Monday, October 6, 2008

What Does A Colorado Drivers License Look Like

path taken pride


"love God above all things ..."

I was always taught that God was part of all things that exist. Which we are involved, or what is, we are part of his work while his very being. However, we are as free as free will is a tiny little fish in a glass aquarium, you can go where he pleases, but not much beyond the glass barrier, for clear barrier, and because undoubtedly die in the attempt. Ironies of life that his imprisonment is itself what keeps him alive.

We are surrounded, cornered, confined to a universe we can not escape because everything we see, we feel, we hear, we wish or dream is his bill (of God). Around us, even in the seemingly empty space between the toes or feet or eyes or any other occurrence. If everything I see, feel or hear is a creature of God, if God is in every air particle I breath, every atom of my being, in each microscopic mesentery as existed, exists or will exist, If this is so: How I can love God above all Him?, How I can love and despise at the same time? ... "I can perhaps turn away from God to come to Him? ... No, I can not, I can not love God above all things because I have love from all things, here's the question, my question ... An injunction human, not divine ... it separates, divides, which silences, which subjugates ... and perhaps most importantly, contradicting himself in an endless loop.

"... and your neighbor as yourself."

If followed to the letter these words many times not love or my shadow. Is the advantage that gives a command that fluctuates with your mood, come on, I have no excuse whatsoever for disobeying. You hate, because hate your neighbor. You feel at ease with yourself, then love your neighbor. Now I understand why the chaos in which we live, why so many wars, many deaths, so much hunger, so much inequality, hypocrisy ... I have a right to hate me, that I know for sure but: Should I be me the scale with which to measure my attitude toward our neighbor?, "must be the result of my personal self indicator of how I should act with others? ... No, I love my neighbor as I love me but as much as what it means to be part of a whole, the point is, my question ... A warrant individualized human feeling is not individual but universal.

Love is the only instrument that unites us because without him we would not exist. One being can not love yourself then that's just an illusion, you need someone to love and that love will inevitably join your loved one. Then the time will be determined by how sincere and authentic it was but we still remain one last excuse: we are human and therefore imperfect.

Wednesday, May 28, 2008

Television Prices And Super Bowl

The lamp


"there will be day you do not mind dying. That day you will understand that you are alive, that is when we really start to live. "

The cold dark night a giant slab weighed. In the distance could only distinguish light from an old lamp that illuminated what looked like an isolated universe, a piece of cheese in a sea of \u200b\u200btar, an unexpected hole on the pristine face of a black cardboard.

While I was wandering lost in the shadows hundreds of fluttering creatures mesmerized by the glitter, that lonely glow that seemed to protect them, keep them together, perhaps trapped. Again and again and again their little bodies bouncing against an insurmountable franking, impossible for such petty creatures. I did not understand this desire to try to go through the glass separating them from hell and that tiny head that prevented them from certain death and did not understand my obsession keep lurking in the dark, protected perhaps hidden ... if hidden ... But from whom?, what ...? Sometimes I would like to stop asking questions, to question, to doubt, just look, just feel, breathe, like a tree ... like a rock battered by the sea, without options, condemned to exist ...

One by one they fell, exhausted , dying ... yeah, dying but unmatured, in the end had achieved its purpose, the price was definitely the least important thing was the ultimate goal and that goal was not the ultimate end was the road. The important thing was not that flash of light, incredibly attractive, impossible to resist, haunting ... the important thing was the purpose, not the end ... did not understand why or how, perhaps they did not have very clear when, but what if it seemed wanted to know was where to go, he wanted to go, crossing the threshold, although it is for their lives.

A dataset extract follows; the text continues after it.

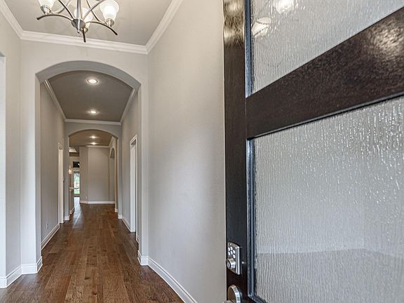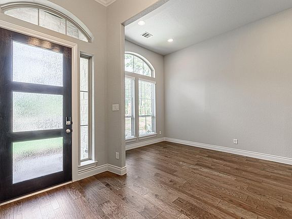 1-story home features a 3 car garage and an elegant oval entry with 13' ceilings that opens to formal study. The kitchen is central to the home and open to the dining room, breakfast room and family room. It features a large island, designer finishes, abundant cabinetry, KitchenAid appliances including a 36” gas cooktop. An open family room features a 14' ceiling with fireplace and a large 3 panel sliding glass door. Master bath includes a freestanding tub, separate shower and His and Hers vanities. Outside features a stucco elevation, a 30’ covered patio and full yard sprinkler system.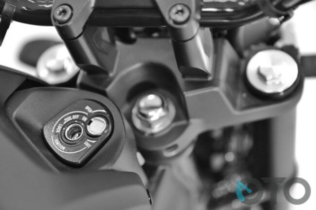 Konsol setiap sisi stang mirip dengan MT-15. Kanannya ada switch starter, di bawahnya ada tombol buat hazard. Kirinya ada lampu dim, lampu dekat jauh, klakson dan sein. Bannya lebar tipe tubeless dual purpose Trail Winner lansiran IRC.

And life was to them, although I'm not entirely sure ...

I'm still here, in the dark, hidden, for no apparent reason, under the weight of a night that keeps me moving ... hoping to find my own streetlight.

Wednesday, May 21, 2008

Headaches And Eye Balls Hurting

Some Feet Under


morning was cool and quiet. The mournful mist was slowly giving up its land and instead the sun beating fast, began to warm every corner of the garden space that vigorously regaining lost.
Dew during the dark night seized all animate or inanimate surface, like a wet blanket, brief shining now announcing its rapid retreat to a dark corner waiting for better times ...
A soft breeze stirred by the light fingered shamelessly cedars, myrtles, pines, oaks and even the occasional lazy and bitter walnut crackled protesting that insolent interference. Between the thick branches, hundreds of birds flapped their wings and sang their songs to greet the dawn, Who else?, I thought, "Who else could have been chosen among all creatures to such a noble and fair job? ...

sighed for a few seconds and I felt that everything that permeated my lungs, I closed my eyes and dreamed of being part of that fun, being part of all in all, each myrtle, every cedar, each singing, all the wind ... I dreamed that dream a dream that died ... I opened my eyes and dreamed of living.